This was a 🤯 for me and explains a lot of the very strange errors I have had with CMake over the last few years!

assignUser · 2024-03-14T04:08:44Z

dev/benchmarks/CMakeLists.txt

+  fetchcontent_makeavailable(nanoarrow)
+elseif(NANOARROW_BENCHMARK_VERSION)
+  fetchcontent_declare(nanoarrow
+                       URL https://github.com/apache/arrow-nanoarrow/archive/refs/tags/apache-arrow-nanoarrow-${NANOARROW_BENCHMARK_VERSION}.zip


fyi: You can actually use URL for a local dir too!

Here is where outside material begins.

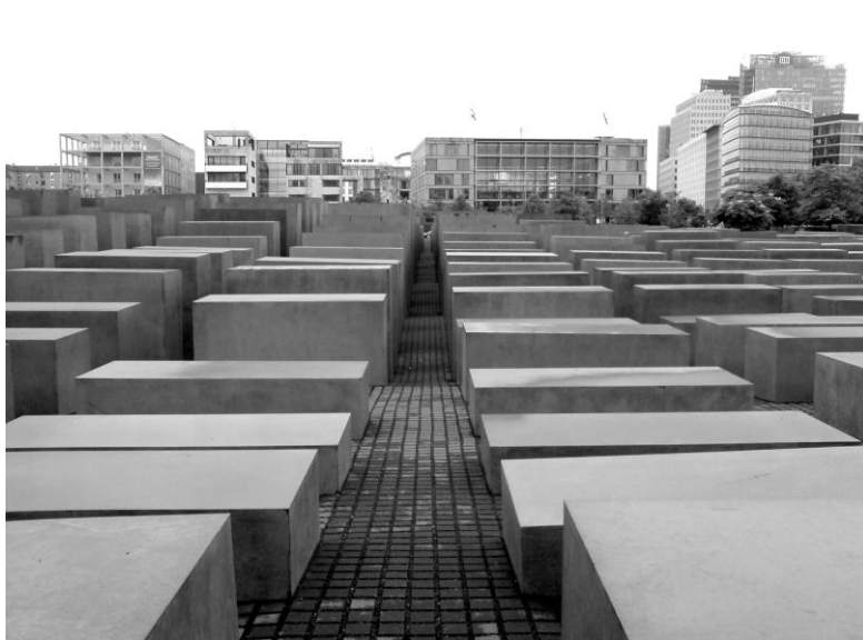
Рис. 2. Меморіал знищеним євреям Європи, м. Берлін, Німеччина, арх. П. Айзенман, 1988-2005 рр.

в 1998–2001 рр. перетворив колишній палац з'їздів нацистської партії архітектора А. Шпеєра, наочно виражає гнів, спрямований на знехтувану ідеологію минулого (рис. 3).

A URL may be an ordinary path in the local file system (in which case it must be the only URL provided) or any downloadable URL supported by the file(DOWNLOAD) command. A local filesystem path may refer to either an existing directory or to an archive file, whereas a URL is expected to point to a file which can be treated as an archive.

I couldn't get this to work (the configure step hangs), but I like parameterizing this way since you could easily run benchmarks against any branch on any fork or any local checkout without much trouble so I emulated it with if(IS_DIRECTORY ...).

assignUser · 2024-03-14T04:10:13Z

dev/benchmarks/CMakeLists.txt

+include(CTest)
+enable_testing()


This is technically redundant as including CTest also enables it but I have had mixed results with that so I also usually call it explicitly :)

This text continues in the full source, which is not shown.